No, not sharing a flat, studio, bungalow, apartment, but sharing a home. The first thing to mind for me, MTV’s The Real World. But…the more I read into it, the more appealing it sounds. The idea is sold as a home with fantastic amenities right in the dead center of the city, and at an incredible price. The only catch is that the tenants are only renting a room in the unit, and sharing the common areas.

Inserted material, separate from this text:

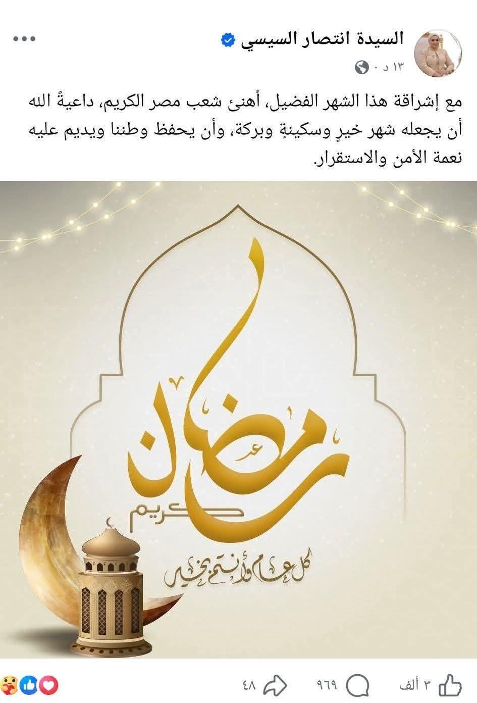 انتصار السيسي تهنئ الشعب المصري بمناسبة شهر...

A property in Brooklyn’s Williamsburg area called Havemeyer home is a 20,000 Square-foot residential development. Specifically built to accommodate community living. It’s “…12 “suites” that encompass a total of 51 beds. Living rooms, kitchens, and most bathrooms are shared spaces, but more-expensive units offer a private bath.” Kayla Devon, Editor for Hanley Woods (follow her on twitter @KaylaDevon_HW). The selling point is that regardless of the shared living space outside their private bedroom, the property offers a lounge room, cinema room, and a wellness room for group fitness.

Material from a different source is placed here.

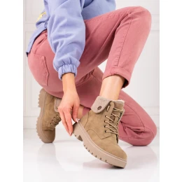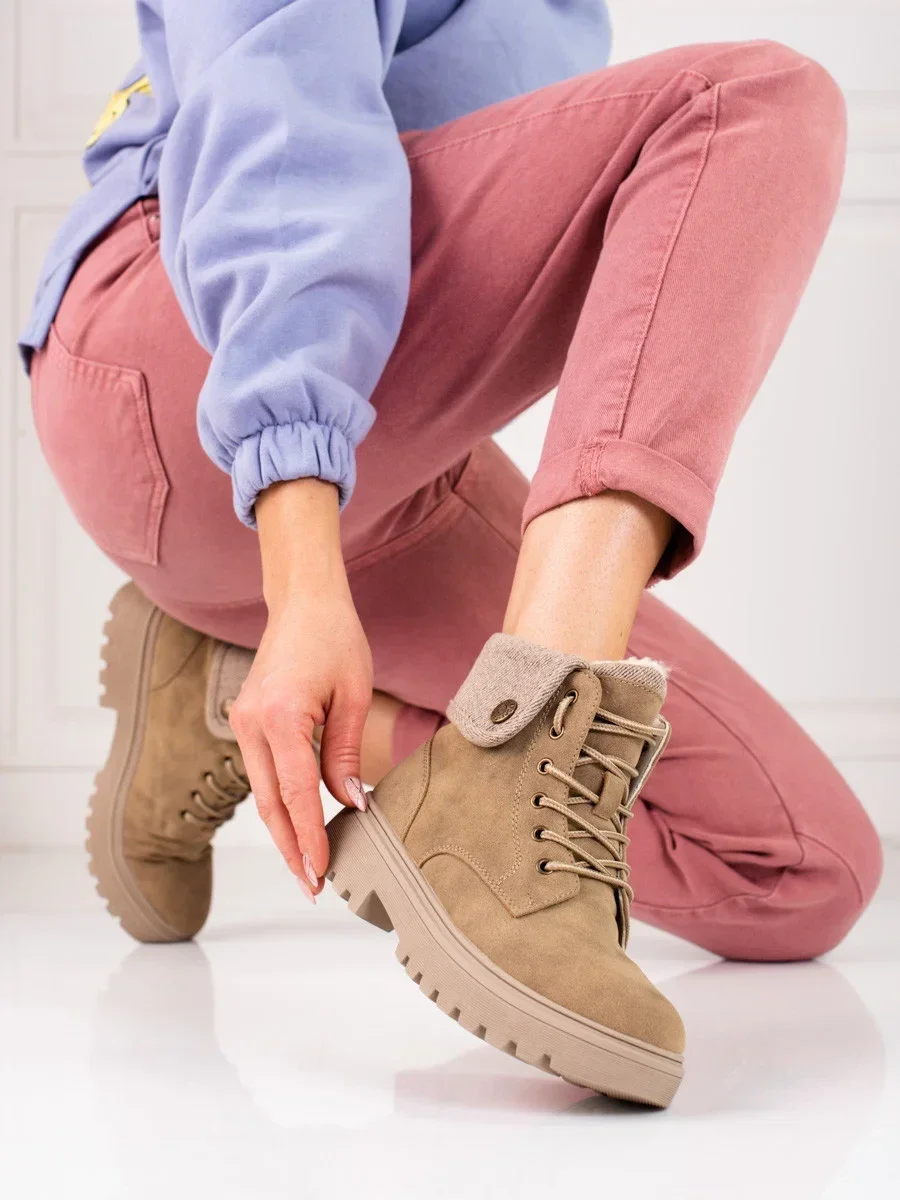 Exkluzívní kotníčkové boty dámské hnědé na plochém podpatku

Can it be done? Well, it has been. It turns out that this shared living phenomenon has been around since the early 20th century. The millennials are bringing it back in full force.
Why not? It goes right with the trendy idea of minimalism, using only what you need. These units come fully furnished. Makes it easy for the millennials, they just move in straight from their folk’s house anyway. It’s a perfect sell. Plus, included in the rent is a laundry facility, Wi-Fi, a weekly cleaning service, and kitchens fully stocked with cooking utensils.
The idea is to share the spaces. Hang out and watch TV, do group fitness, be in a community book club, and host a potluck. Now potluck is unlikely in my eyes. Hard to host a potluck when you share a kitchen. I have no doubt most of the residents eat out more than in.
On that note, what if a fellow resident eats your food? Or there are relationship issues? I wonder what rules they have to come up with for having company. Everyone has had that squatter friend, family member, or a friend with benefits. It happens. The owners have thought of that too. To accommodate potential issues, they created a role for “house leaders.” They are like the resident assistants in college dorms. The house leaders get discounted rent but manage resident issues.
This co-living trend is taking the multifamily industry in popular cities by storm. I say it beats sharing a studio with strangers. If you have to share the space anyway per the cost of living, might as well do it with these attractive perks. The rent difference at Williamsburg’s Havemeyer Home is at least $950 a month as the rent starts there at $2,050 and the average rent for the area is over $3,000 a month.